Auch in Urbach ist es gerade mal 46 Jahre her, dass ein in den Ausmaßen vergleichbares Ereignis den Ort verwüstete. Die nachfolgende Schilderung des damaligen Hochwassers erzeugt ein Déjà-vu-Erlebnis:
Als sich am Nachmittag des 22. Mai 1978 der Himmel über Urbach verdunkelte, ahnte kaum jemand etwas von der Katastrophe, die unmittelbar bevorstand. Denn aufgrund einer sehr selten vorkommenden Wetterlage brach wenige Minuten später „das größte Unwetter seit Menschengedenken“ (StZ) mit Niederschlagsmengen von bis zu 160 l/m² über große Teile Baden-Württembergs herein. Und auch Urbach war von diesem Extremniederschlag betroffen. In kürzester Zeit traten alle durch den Ort fließenden Bäche über die Ufer. Insbesondere das Hochwasser des Urbachs verursachte über seinen gesamten Verlauf durch den Ort immense Schäden. Die Freiwillige Feuerwehr Urbach war unterstützt durch die Feuerwehren Althütte und Plüderhausen über 24 Stunden im Dauereinsatz, ebenso wie die Ortsgruppe Urbach des DRK.
Zur Veranschaulichung der Ereignisse hier einige Zitate aus dem Lagebericht des Bürgermeisters Beutel vom 23. Mai 1978: „Der Urbach sei stellenweise etwa einen Meter über den Brücken gewesen. Das Brückengeländer in der Uferstraße sei ganz unter Wasser gestanden. (…) In tieferen Lage seien alle Keller überflutet gewesen. (…) Im Gasthaus Löwen sei die Inneneinrichtung im Erdgeschoss, sowie sämtliche Räume im Untergeschoss total überflutet gewesen. Hier sei enormer Schaden entstanden. Ebenso bei der Firma Nanz, wo das Wasser im Verkaufsraum etwa 50 cm hoch gestanden sei (…) und auch das gesamte Kellergeschoss sei überschwemmt gewesen. (…) In Geschäften und bei den Industriebetrieben seien Waren in enormer Höhe vernichtet worden (…)."
Die Schäden an Straßen, Feldwegen, Freibad, Friedhof, Sportplatz wurden später auf einen Betrag von 230.000 DM beziffert. Für Privatpersonen wurde vom Land ein Beihilfeprogramm aufgelegt, über das man für nicht versicherte Sachschäden auf Antrag 40 % des Gesamtbetrags erstattet bekommen konnte. In Urbach wurden Beihilfen an 72 Antragstellern ausbezahlt.
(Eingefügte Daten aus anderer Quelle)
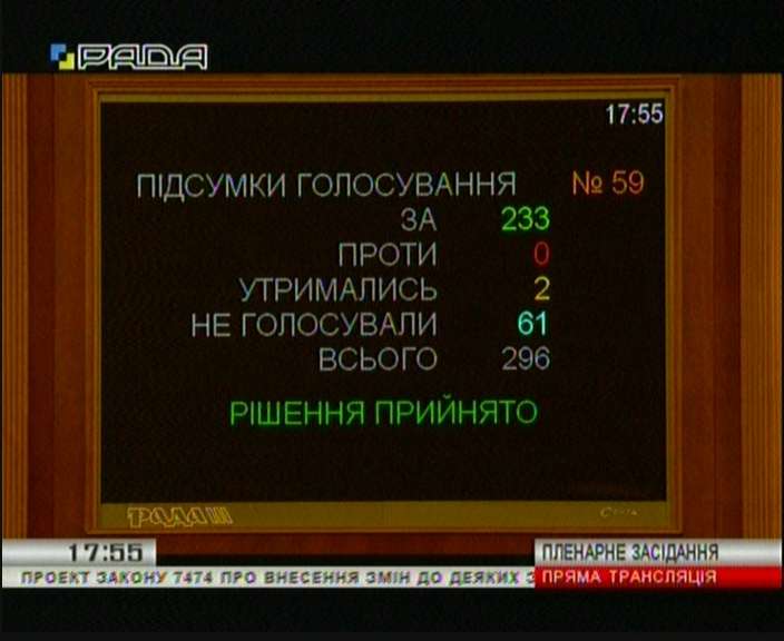 233 голосами "за" законопроект прийнято за основу та в цілому.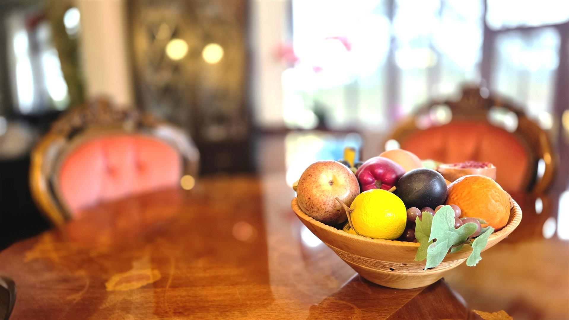 Semi-vaulted wood strip ceiling. Extra high windows. Mahogany effect PVC double glazed French doors to tegula brick patio. Wooden steps up through open archway to dining.
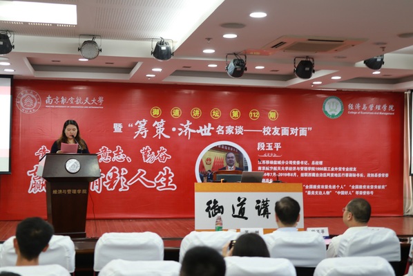最后,涂志宏希望同学们把握好在南航学习的宝贵时光,从段玉平校友的讲座中汲取智慧力量,以“稳、实、和、耐、勤”为修身治学的原则,刻苦学习钻研,投身强国伟业。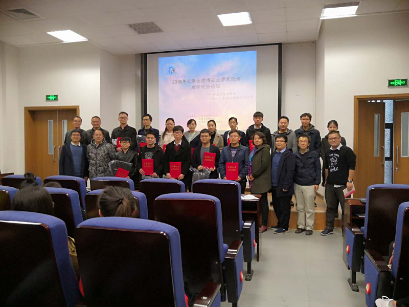 本站下(通讯员 商闯)11月10日,“天津大学第十八届博士生学术论坛——理学院博士论坛”在天津大学北洋园校区第三十二教学楼举行。研究生院督导员张天永和贾启芬、理学院院长卢小泉、党委副书记王作金、物理系主任米文博、化学系主任雷胜宾、物理系副主任柯红卫以及来自理学院的20余名教师,100余名研究生参加了本次论坛。论坛围绕“新型功能材料的设计、制备与物理化学性质”的主题,针对参会报告中涉及的不同学科内的科研问题进行了深入探讨。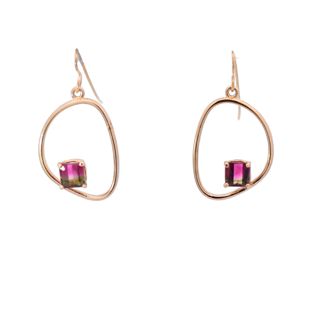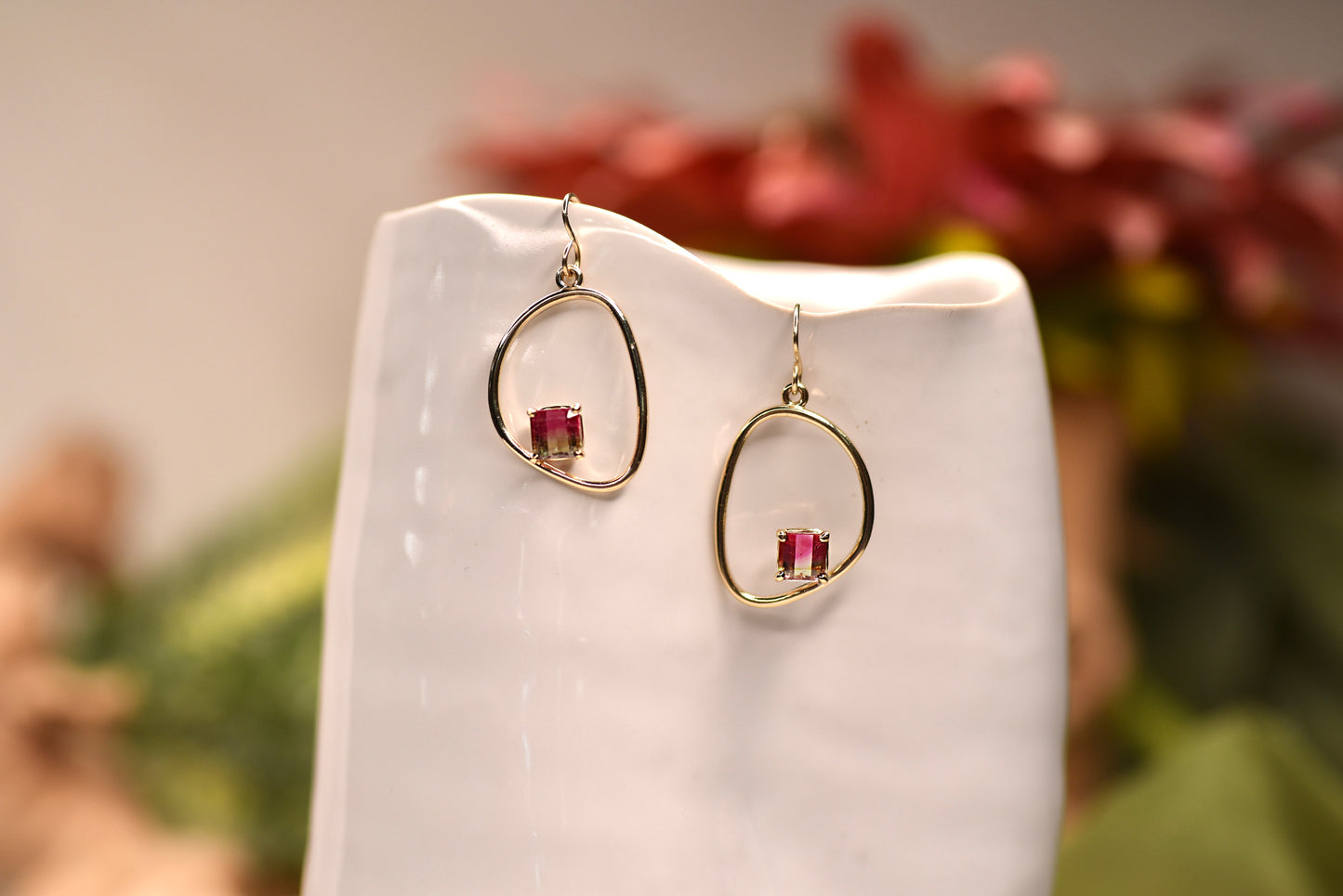 Nature’s beauty shines through in these one-of-a-kind earrings. Featuring vibrant watermelon tourmaline set in 14kt gold, they’re handmade in our Downtown Waco studio.

Eine fachtechnische Beratung durch das Wasserwirtschaftsamt am 31.05.1978 ergab folgendes Ergebnis: „Eine völlige Lösung des Hochwasserproblems am Urbach ist nur durch die Schaffung einer Hochwasserrückhaltung oberhalb der Ortslage Oberurbach zu erreichen.“
Die Situation wurde nach dem damaligen Hochwasser zwar entschärft durch den Abbruch einer Brücke und den Neubau von vier neuen Brücken und drei Stegen, die den Hochwasserabfluss besser schaffen sollten, durch Beseitigung der Urbach-Verdolung zur Rems und Dammerhöhung des Urbachs und durch Rückstauflächen in der Urbacher Mitte.
Dass alle diese Maßnahmen eine neue Katastrophe nicht verhindern konnten, ist inzwischen offenkundig. Die Diskussion über die Schaffung einer Hochwasserrückhaltung am nördlichen Ortsrand dürfte vor dem Hintergrund der aktuellen Ereignisse wieder Fahrt aufnehmen.